By meta-analysing pooled studies and available individual participant data, we aim to provide new insight on olanzapine therapeutic drug monitoring in schizophrenia.

We conducted a computerized search of bibliographic databases (Pubmed, Cochrane library, Web of Science and PsycINFO) to identify studies that assessed the relationship between olanzapine plasma concentration and the change in patients’ clinical scores. We investigated this relationship with olanzapine plasma level 12h00 post-intake using a random-effects model.
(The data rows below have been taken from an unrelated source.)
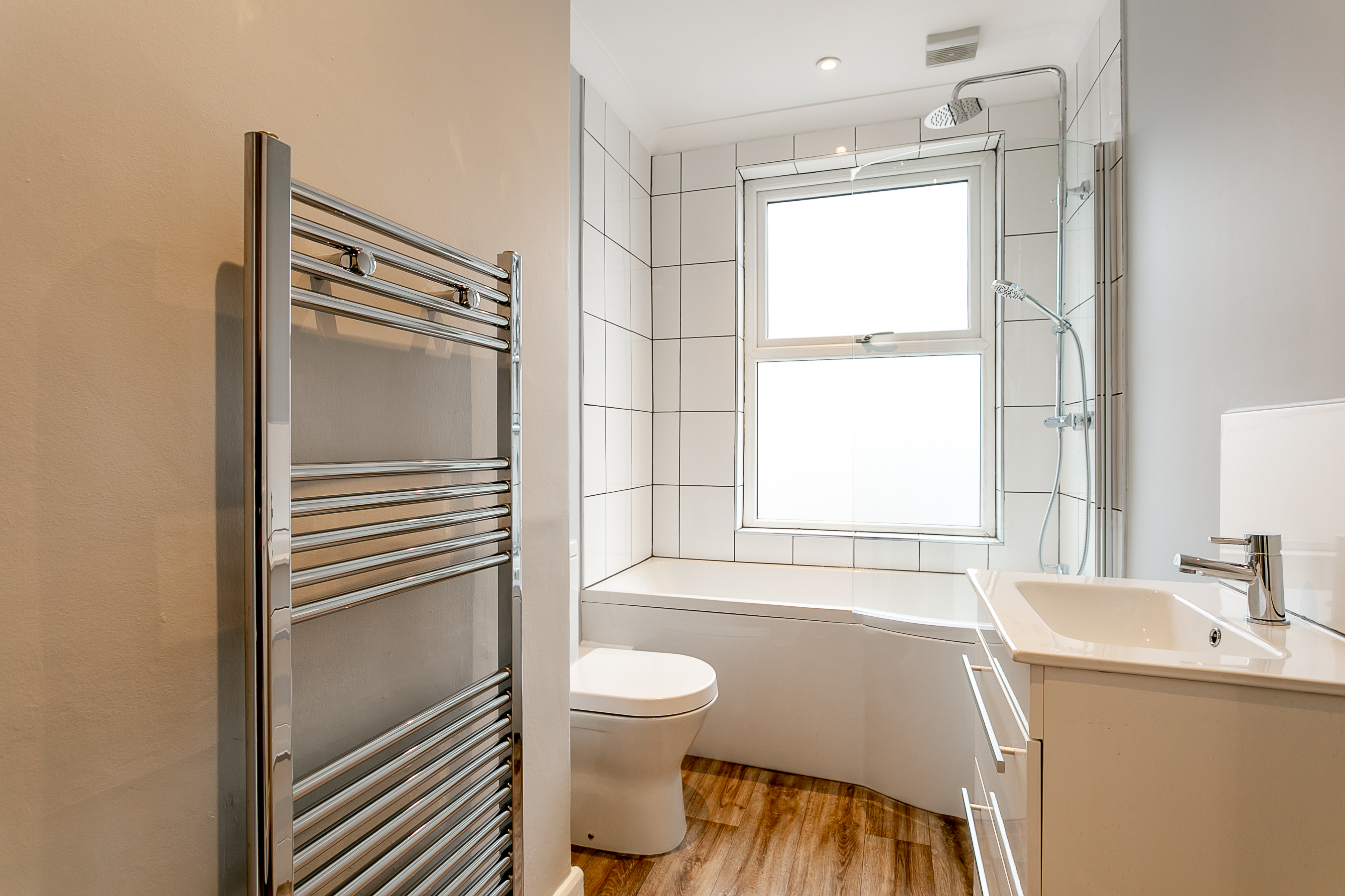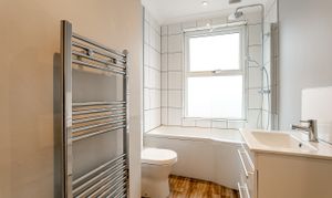 To the first floor there is a large double bedroom, one single bedroom/office and stylish house bathroom which has a bath with power shower over. To the second floor there are a further two double bedrooms.
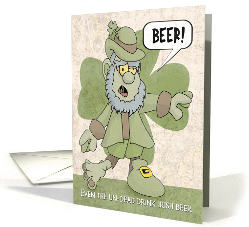| Artist Notes: | Funny St. Patrick’s Day card with shambling zombie leprechaun groaning for beer instead of brains. Cute play on the un-dead celebrating the Irish holiday. Design © 2016 Julia Bryant. |
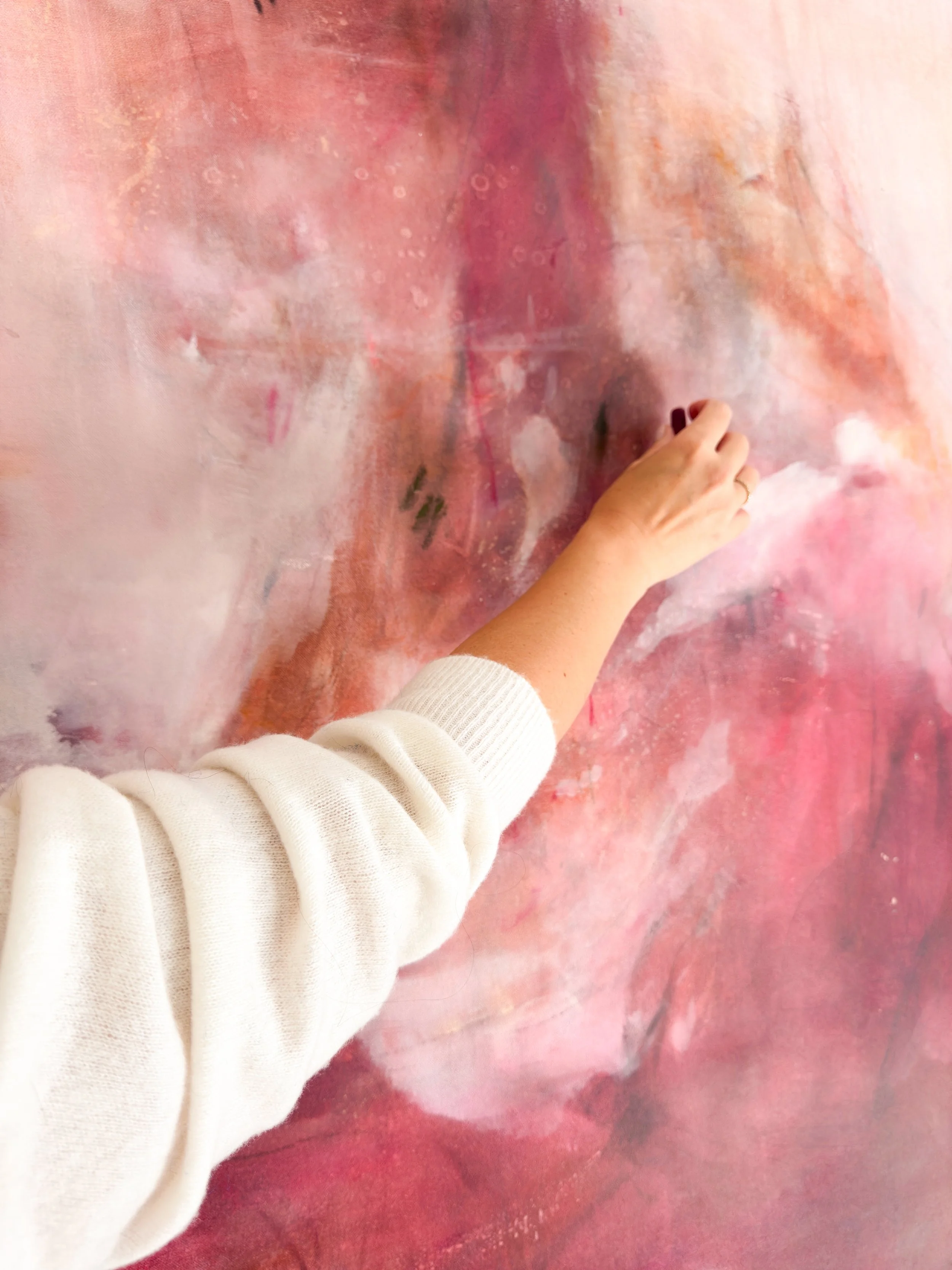 Person with a white sweater is painting on a pink and red abstract canvas.

7 studies were included in the pooled data analysis (781 patients). We found no difference in oral dose between responders and non-responders but a significantly higher concentration of 4.50 µg/L in responders (p < 0.01). Olanzapine concentration above the thresholds identified in each study was associated with response (odd ratio = 3.50, p = 0.0007). We identified that non-responder patients showed greater inter-individual variability than responders. In the individual data analysis (159 patients), we found no relationship between dose and clinical response but an association between plasma level and response in the shape of a parabolic curve. The Receiver Operating Characteristic curve found a threshold of 22.07 µg/L to identify responders (96% sensitivity, 86% specificity) and a threshold of 56.47 µg/L to identify a decreased probability of response.

In contrast to oral dose, our work confirmed that plasma olanzapine levels are associated with clinical response and should therefore be used to optimise treatment. We determined a treatment response threshold of 22.07 µg/L and suggest that a concentration above the therapeutic window may result in a decreased response.